WHAT TO WORK ON: From the first line of the material through the line that holds "Schneide nun mit", repeat each line exactly and skip any picture.

EXERCISE INPUT:
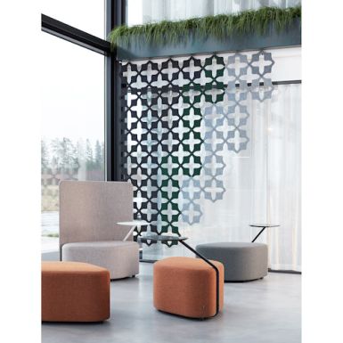 Piece Of Cake er et sjovt og billedskabende siddemøbel. De kageformede puffer kan sættes sammen i en gruppe på 6, der tilsammen danner en cirkel. Pufferne fås i to sædehøjder, der begge passer til Sit Around bordet. De fås i mange farver og tekstiler.
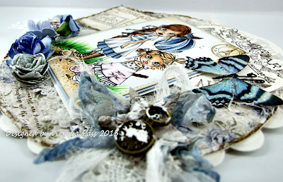 Under the image I added 'Cheese Cloth', also the Shabby Seam Binding & Lace are from LLC. At the top is a clock from a Marianne Creatable die & I stamped it with Magnolia's Postcard Stamp. The butterfly is from Etsy.
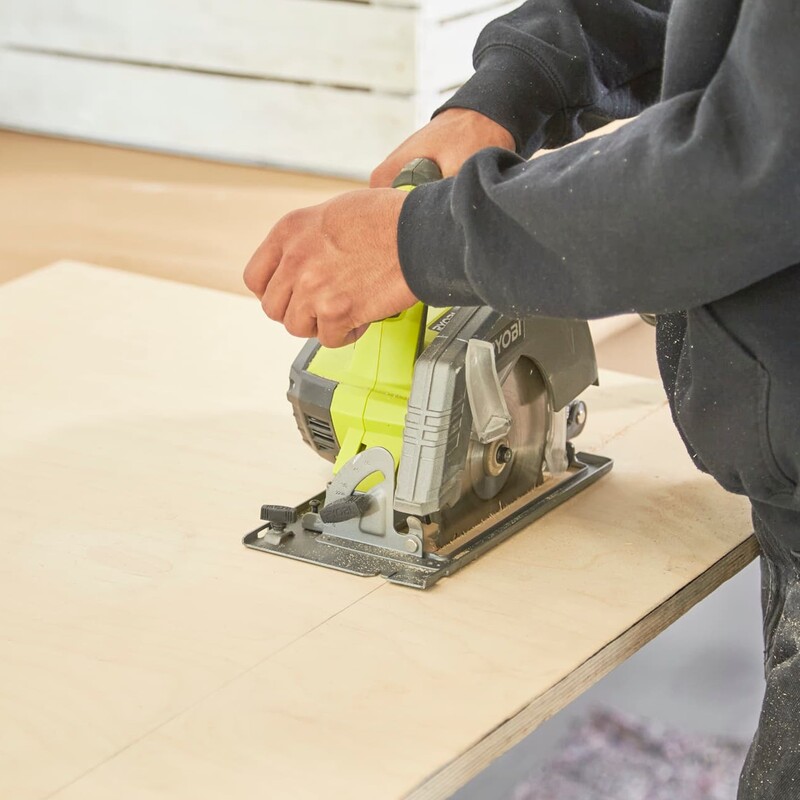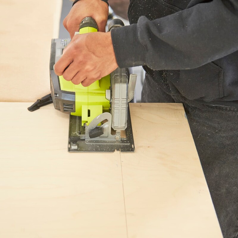 Schneide nun mit einer Handkreissäge oder Stichsäge das Holz für Deckel, Boden und Seitenteile zu. Achte darauf, dass die Maße stimmen, damit die Teile später einen rechteckigen Rahmen ergeben.
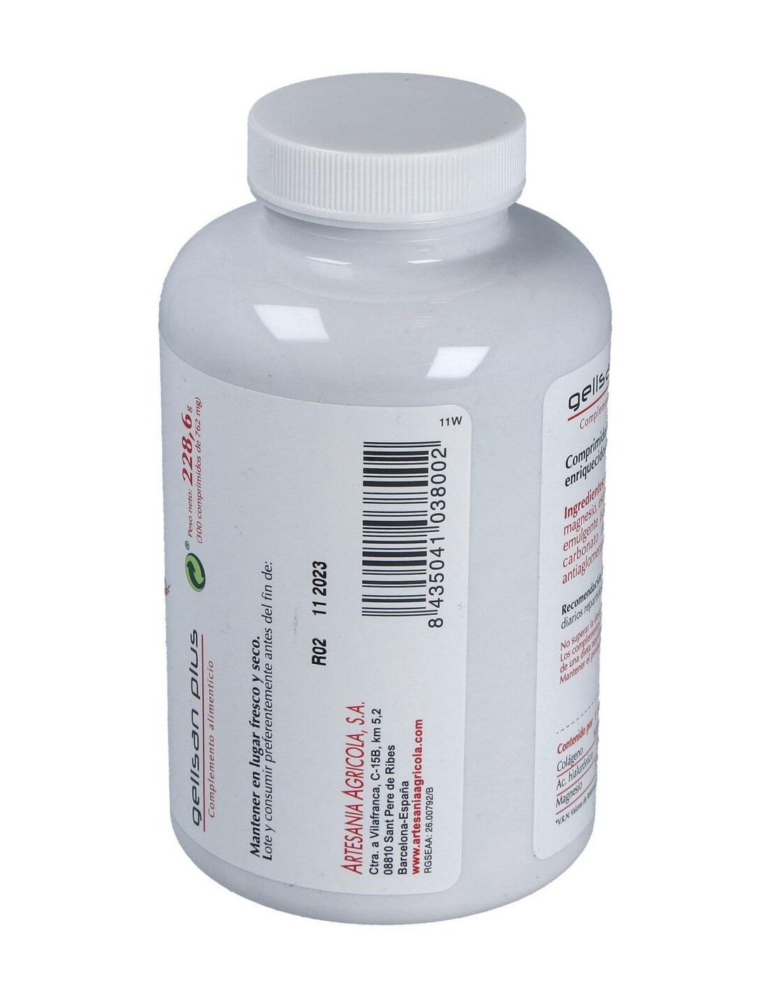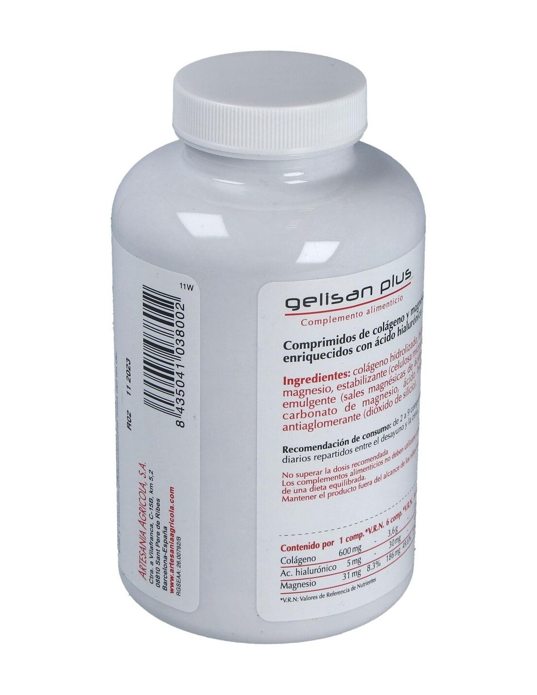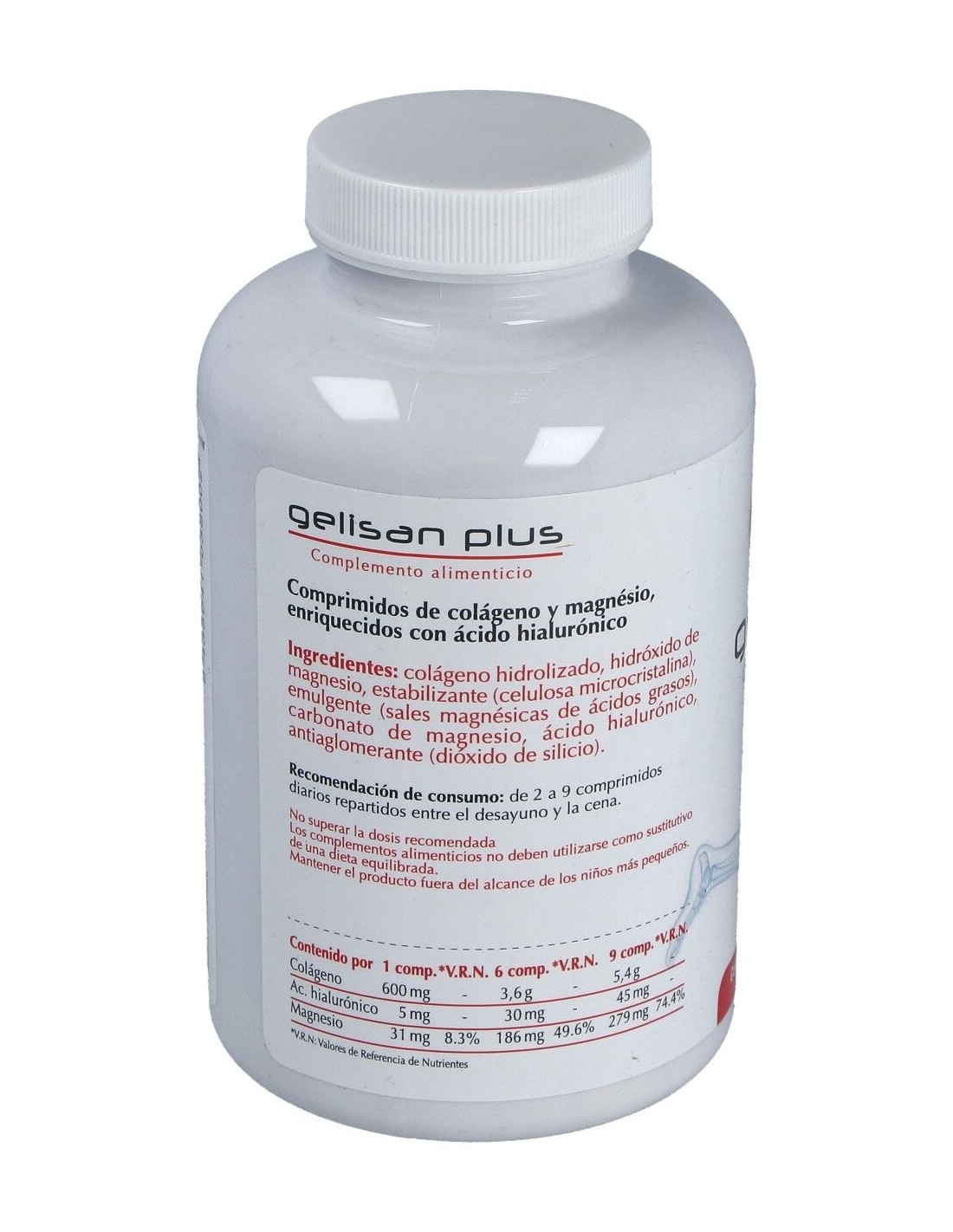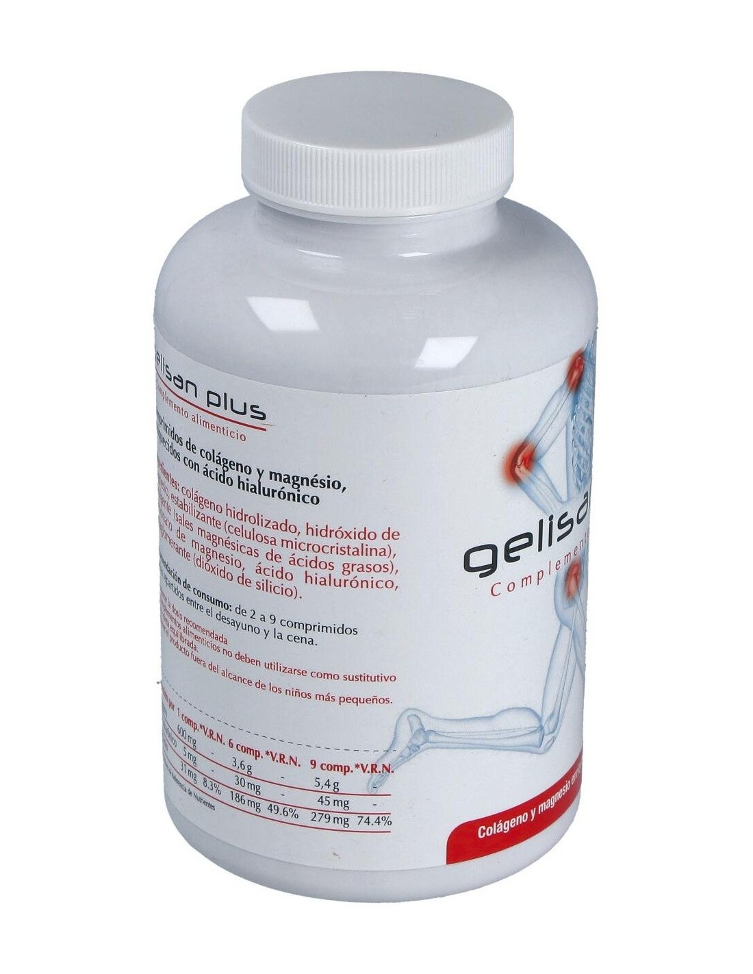 El colágeno de Gelisan Plus comprimidos proviene de proteína hidrolizada de origen natural. Se caracteriza por un elevado contenido en prolina e hidroxiprolina (11.9%) aminoácidos fundamentales para la normal formación y mantenimiento del cartílago y por contener también un 22.6% de glicina, aminoácido que junto a otros es un componente principal de numerosos tejidos.El colágeno se considera la proteína anti-envejecimiento, su ingesta contribuye a nutrir y proteger los tejidos colagénicos, especialmente, articulaciones, huesos y piel.El magnesio es el quinto mineral por su abundancia en el organismo y es imprescindible para la correcta asimilación del calcio y de la vitamina C, para activar numerosas enzimas y las vitaminas del grupo B. También interviene en la síntesis de las proteínas, en la excitabilidad de los músculos y en la liberación de la energía.El ácido hialurónico contiene un 90% de polisacáridos del tipo glycosaminglicanos (GAGs) y se caracteriza por su gran capacidad para retener agua. En nuestro organismo es un elemento natural del líquido sinovial y actúa en las articulaciones como lubrificante para los cartílagos y ligamentos, también actúa como protector frente a las fuerzas mecánicas.Composición activa por comprimido:
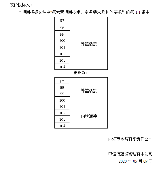 內(nèi)江市水務有限責任公司PPR給水管及管件采購項目更正公告
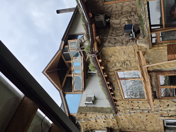 A multi-story building in Slokoshtitsa, Bulgaria, is depicted under an overcast sky, partially framed in the upper left by a dark beam and white gutter from an unseen foreground structure. The building displays an eclectic architectural style. The lower and mid-levels feature a textured, rock-like facade with integrated elements. An outdoor climbing wall, equipped with numerous multi-colored holds, is prominent on the left side of the lower facade. Multiple rectangular windows with wooden frames are visible, reflecting ambient light and distant vegetation. A "green roof," covered with live vegetation, spans the mid-level, bordered by rustic wooden eaves and gutters. Several external air conditioning units are mounted on the building's walls at various heights. The upper section consists of a lighter-colored plastered facade, topped by a dark-shingled pitched roof. An open-air balcony with glass and wood railings is situated on this upper level, partially covered by an angular, open-frame wooden roof structure. A slender, dark metal chimney stack extends upwards from the right side of the main roof. No individuals or explicit actions are present within the frame.
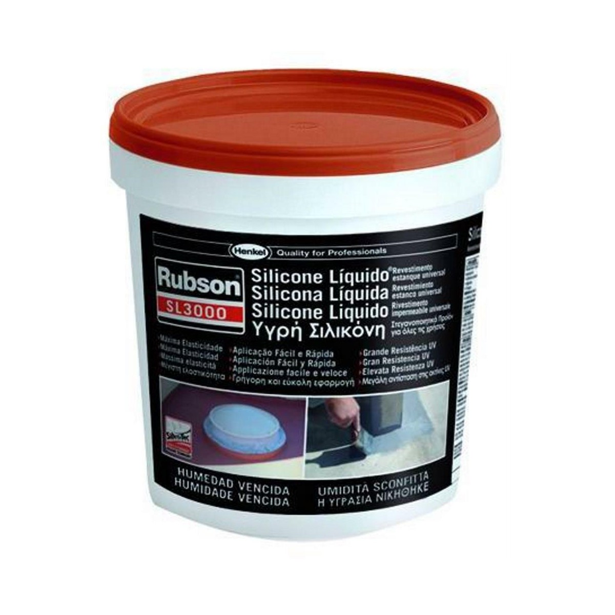 Rubson silicone liquido sl-3000. Rivestimento impermeabile universale chesi basa sulla tecnologia Silicotec. Prodotto pronto all'uso base acqua, facile e sicuro da usare. Ideale per l'impermeabilizzazione e la riparazione di tetti e coperture sia piani che inclinati, guaine, fioriere, vasche di raccolta, giunti di grondaie e lucernari.

TASK RESPONSE:
 Piece Of Cake er et sjovt og billedskabende siddemøbel. De kageformede puffer kan sættes sammen i en gruppe på 6, der tilsammen danner en cirkel. Pufferne fås i to sædehøjder, der begge passer til Sit Around bordet. De fås i mange farver og tekstiler.
 Under the image I added 'Cheese Cloth', also the Shabby Seam Binding & Lace are from LLC. At the top is a clock from a Marianne Creatable die & I stamped it with Magnolia's Postcard Stamp. The butterfly is from Etsy.
 Schneide nun mit einer Handkreissäge oder Stichsäge das Holz für Deckel, Boden und Seitenteile zu. Achte darauf, dass die Maße stimmen, damit die Teile später einen rechteckigen Rahmen ergeben.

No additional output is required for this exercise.